Cada vez que alguien sugiere alguno de estos conceptos es conveniente analizar y buscar información correcta.

Se Analizará cada una de estas Frases.

Los componentes de este tipo de carne son los mismos que de cualquier otro tipo de tejido de origen animal. Los nutrimentos presentes en los alimentos de origen animal son proteínas de alto valor biológico, grasa en su gran mayoría ácidos grasos saturados, agua, vitaminas y minerales.

Primero que nada se debe entender que se consumen alimentos los cuales están compuestos por nutrimentos, y que no se “Sara izara” ninguno de estos compuestos ya que son indispensables para mantener la salud.

Las proteínas están formadas por aminoácidos de los cuales existen 8 indispensables que se encuentran presentes en los tejidos de la carne de cerdo y es importante entender que es una carne blanca por su contenido de MIOGLOBINA, que es una proteína muscular que posee hierro y le imparte el color rojo a la carne, por lo tanto no debe considerarse a la carne de cerdo como una carne roja.
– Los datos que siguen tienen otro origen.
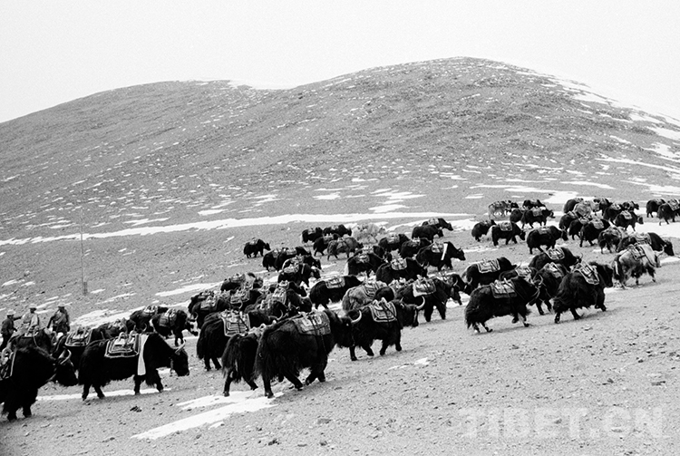 這是馱鹽隊(duì)牧民趕著成群馱牛前往藏北無(wú)人區(qū)的鹽湖去馱鹽(唐召明1988年攝)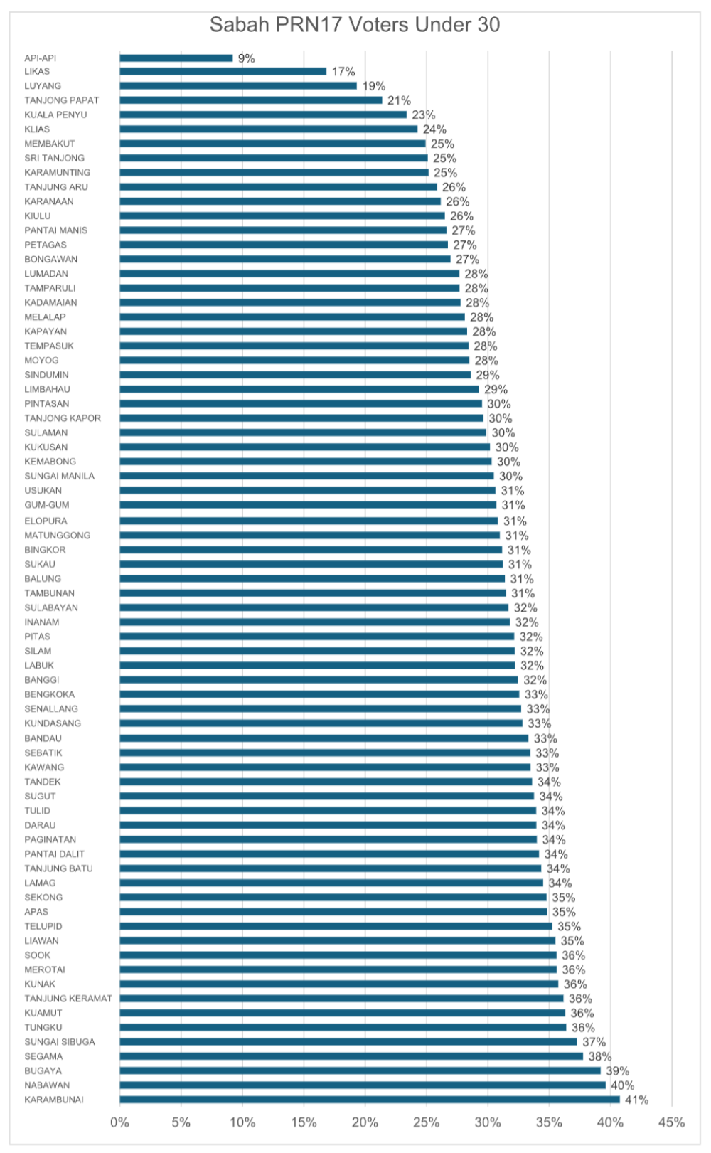 Youth are decisive in all 73 seats, with the exception of Api Api in the heart of Kota Kinabalu, where they only comprise nine percent of the voters.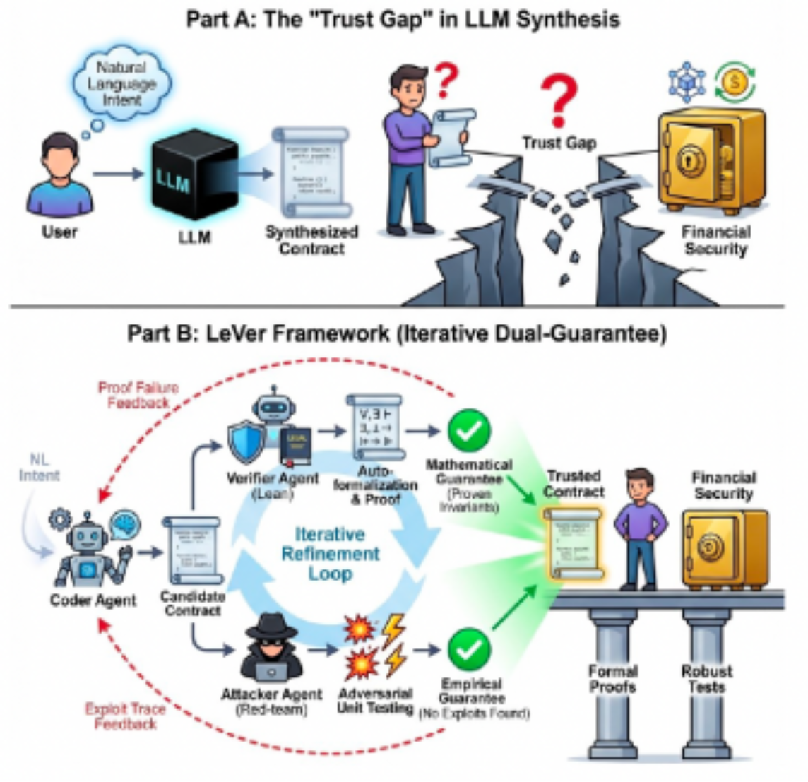 论文概述:智能合约是去中心化金融(DeFi)的基础,它能够在无需可信中介的情况下执行金融逻辑。近年来,大语言模型(LLMs)的进展显著降低了智能合约开发的门槛,使得可以通过自然语言生成代码。然而,由于智能合约一旦部署便不可更改,并且直接管理金融资产,这种可访问性的提升也带来了一个关键的信任鸿沟:生成合约变得容易,但难以信任。 为弥合这一鸿沟,我们提出了 LeVer,这是首个可信的智能合约合成框架,它将基于 LLM 的生成与基于 Lean 的自动形式化与验证相结合。LeVer 采用闭环的多智能体架构,通过对合约进行迭代生成、验证、攻击与修复,在提供形式化保证的同时,也增强了其经验层面的鲁棒性。
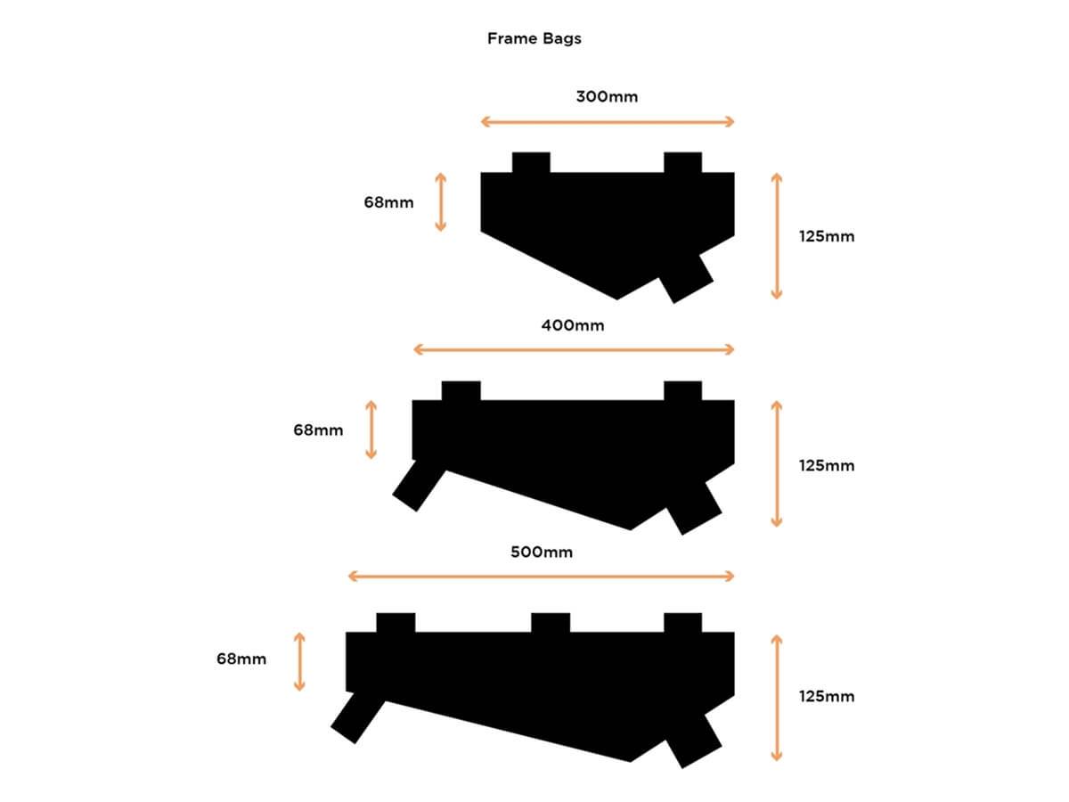 Attaches with adjustable rubber-covered Velcro straps on the top tube and tension straps on the down tube and seat tube. Waterproof zippers and durable cordura fabric. Holds 3.5l.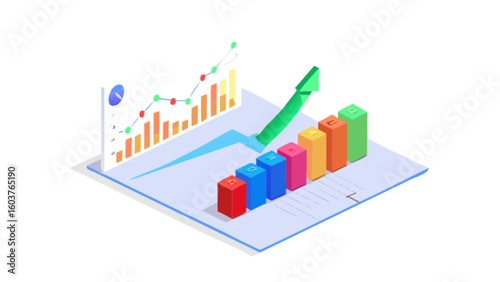 Stock market growth chart showing financial business data analysis and investment performance trend report isometric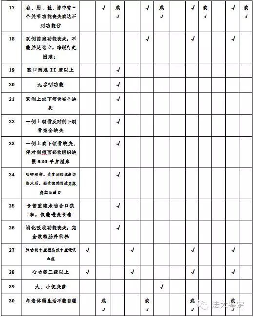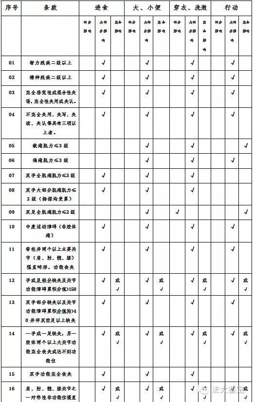 4.30上述条款未涉及的残疾,影响进食、大小便、穿衣洗漱、行动(翻身、自主行动)四项内容,其中一项完全不能自主完成或者三项以上大部分不能自主完成的可以认定为生活不能自理。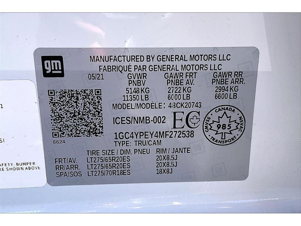 LTZ Convenience Package II: HD Surround Vision with 2 Trailer View Camera Provisions; Wireless Charging; Bed View Camera with Two Trailer Camera Provisions; Chevrolet Infotainment 3 Premium System Radio. LTZ Convenience Package: LED Cargo Area Lighting; Ventilated Driver and Front Passenger Seats; Heated 2nd Row Outboard Seats; Power Up/down Tailgate Function with Power Lock and Release; Power Sliding Rear Window with Defogger; Floor-Mounted Centre Console; Front Bucket Seats with Centre Console; 2 USB Ports and 1 SD Card Reader; Universal Home Remote. Z71 Off-Road Package: Hill Descent Control; Off-Road Suspension; Skid Plates. LTZ Premium Package: LT275/65R20 AT BW Tires; 20" 6-Spoke Polished Aluminum Wheels. Safety Package: Ultrasonic Front and Rear Park Assist; Rear Cross Traffic Alert; Lane Change Alert with Side Blind Zone Alert. Safety Package II: Forward Collision Alert; Following Distance Indicator; Automatic Emergency Braking; Safety Alert Seat; IntelliBeam Automatic High Beam On/off; Lane Departure Warning. Technology Package: 8" Diagonal Multicolour Digital Display DIC; 15" Diagonal Multicolour Head-Up Display; Rear Camera Mirror. Preferred Equipment Group 1LZ: Driver Memory; P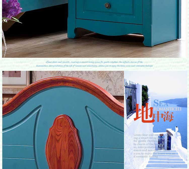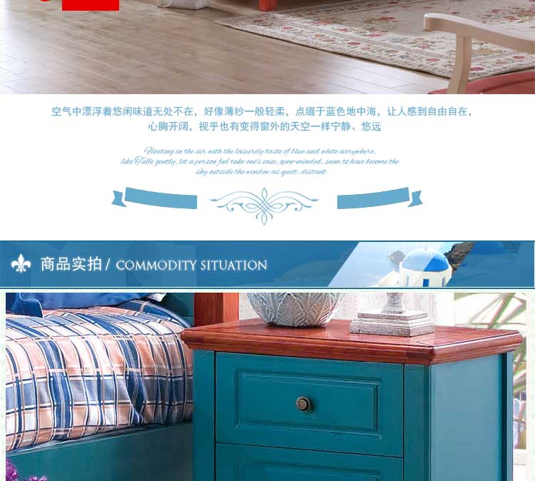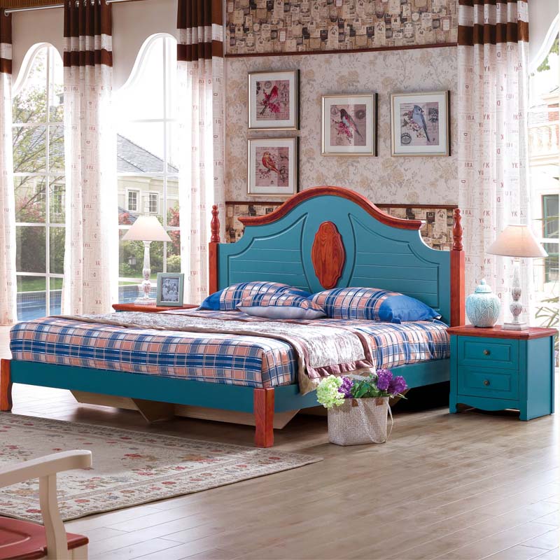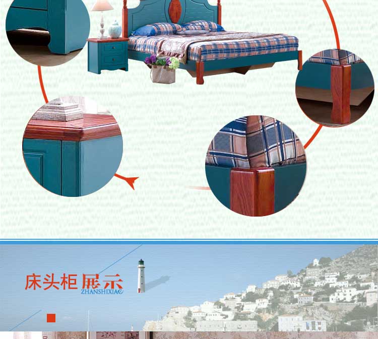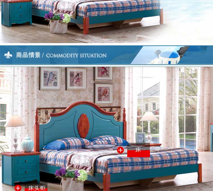加州庄园 乡村地中海床实木床、床头柜 地中海风格实木家具 1106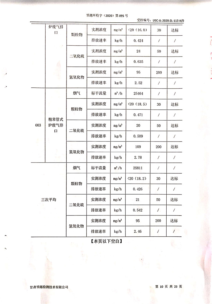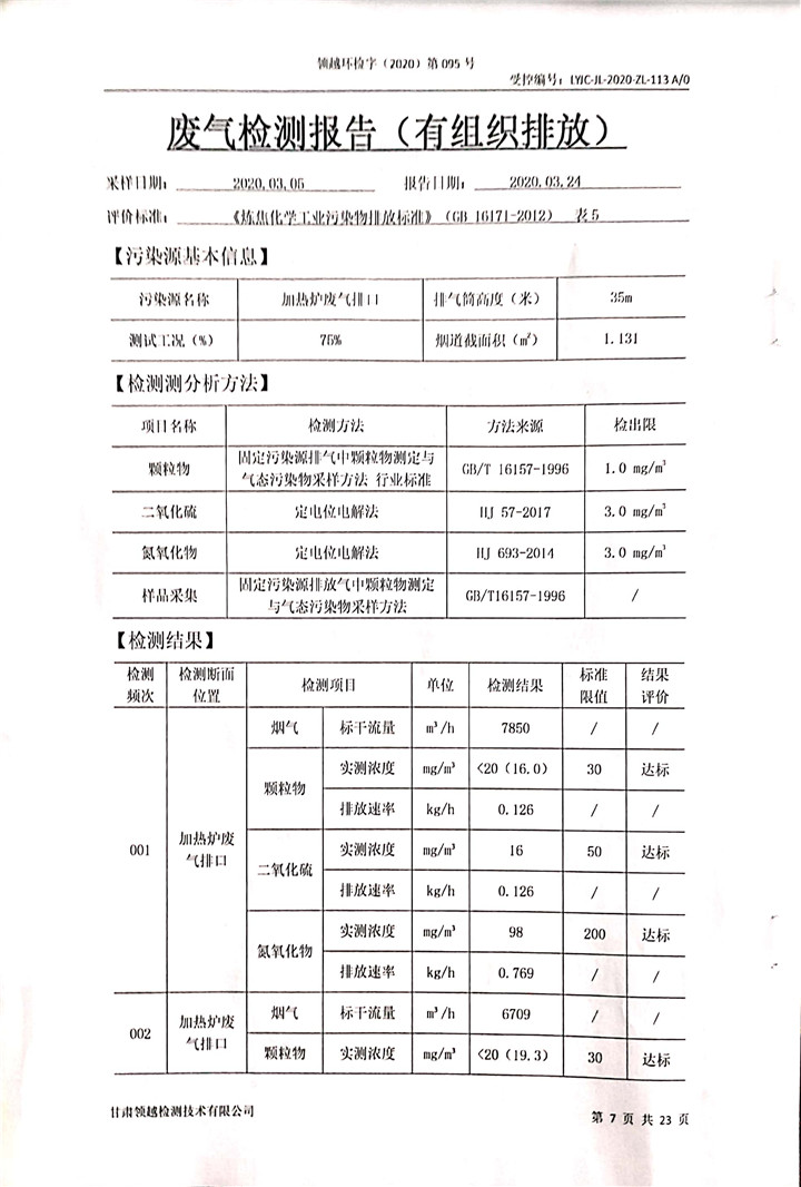 2020年金昌鑫华焦化一季度炉顶废气检测报告公示

Entonces será el primer concepto que se debe eliminar al hablar de este tipo de carne.

Al revisar la composición de los tejidos de origen animal y reafirmar que no hay diferencia, no se logra entender de dónde salió el concepto de heridas, muelas del juicio y la prohibición de la carne de cerdo, las investigaciones relacionadas con la composición nutrimental de la carne de cerdo hace entender que la mayor diferencia es en el contenido de ácidos grasos, sin embargo en la actualidad los animales están siendo controlados en granjas dentro de las cuales se revisa la alimentación, la higiene y el color de las enfermedades; así se puede eliminar este otro concepto del dominio popular.

La carne de cerdo debe consumirse bien cocida, lo que implica alcanzar temperaturas cercanas a los 100 grados en el caso de carne hervida o estofada, y superiores a los 170 grados en el caso de las frituras, por lo tanto es casi imposible que esta carne se consuma contaminada, no así si se consume cruda, es importante que alcance las temperaturas óptimas.

Para que se eliminen los microorganismos que pueden estar presentes en estos animales. Es necesario revisar con qué se consume esta carne, ya que algunas veces está acompañado de verduras que no sufren el proceso de higiene adecuado.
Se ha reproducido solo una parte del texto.